Empirical Exercise 5 in Python

In this exercise, we’ll be using a data set on primary school enrollment and completion in 18 African countries that eliminated primary school fees between 1990 and 2019. Raw data on country-level enrollment and completion rates comes from the World Bank’s World Development Indicators Database. The data set that we’ll use is posted here. We will use this data set to generate two-way fixed effects (TWFE) estimates of the impact of eliminating school fees on enrollment and completion. Since this policy was phased in by different countries at different times, it is a useful setting for exploring the strengths and weaknesses of TWFE.

Getting Started

Before you begin, create a python script (with all the standard stuff at the top) that downloads the data set. Familiarize yourself with the data. What years does it cover?

In-Class Activity

The gross primary enrollment ratio is 100 times the number of students enrolled in primary school divided by the number of primary-school-aged children. This number can be greater than 100 when over-age children are enrolled in primary school - which often happens when school fees are eliminated. What was the average level of primary school enrollment in 1981 (at the beginning of the data set)? What was the average level of primary school enrollment in the last year for which data is available? In how many country-years is the gross primary enrollment ratio above 100?

In the first activity, we’ll be using enroll as our outcome variable. Drop country-years for which enroll is missing.

Question 1

Generate a treatment dummy fpe that is equal to one for years where where primary school is free (i.e. all years starting from the year when FPE was implemented in a particular country). What is the mean of this variable across all country-years in the data set?

Question 2

Regress gross enrollment on fpe controlling for country and year fixed effects. What is the estimated impact of eliminating school fees on enrollment?

Question 3

Next we are going to construct the TWFE estimate of the impact of FPE “by hand” using the residuals.

Part (a)

Regress fpe on country and year fixed effects, and generate a variable tresid (short for treatment residual) equal to the residuals from the regression (make sure that you drop the country-years with missing values of the outcome variable before you do this).

Part (b)

Regress enroll on country and year fixed effects, and generate a variable yresid that contains the residuals from that regression.

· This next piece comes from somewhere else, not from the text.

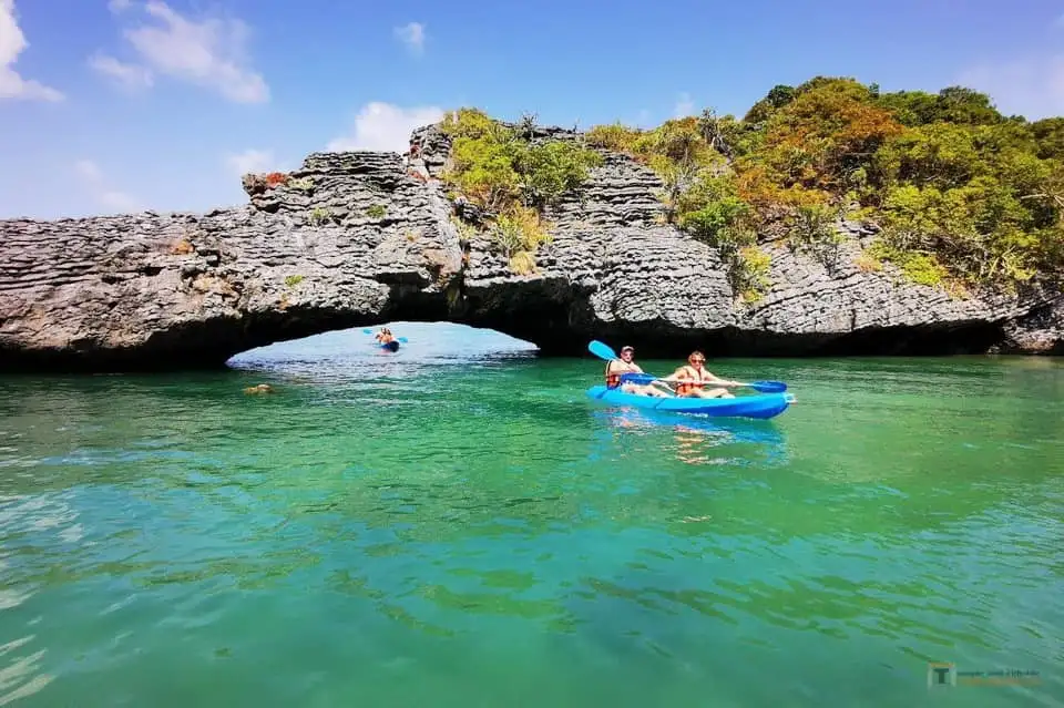 • Kayaking: Angthong National Marine Park is perfect for exploring by kayak.  Discovering hidden coves, limestone cliffs, and secluded beaches. This is a great way to get closer to nature and appreciate the park’s beauty.

Make sure that you restrict the sample to observations with fpe not equal to missing.

Part (c)

Regress yresid on tresid. Confirm that you recover your TWFE estimate from Question 2. Your standard errors should not match those from Question 2, but they should be reasonably close.

Part (d)

What fraction of the treated country-years received negative weight in our TWFE regression?

Part (e)

Optional. The TWFE coefficient is a linear combination of the observed values of the outcome variable, with each value of Y weighted by the associated residualized value of treatment (tresid) divided by the sum of all the squared values of tresid. Confirm that this is correct by:

Calculating a variable tr2 equal to the square of tresid,
Calculating a variable denom equal to the sum of tr2 across all observations,
Generating a weight variable equal to tresid divided by denom,
Generating a variable yxweight that is equal to the observed value of enroll (the outcome variable) times the regression weight, and
Calculating the TWFE coefficient as the sum of yxweight across all observations.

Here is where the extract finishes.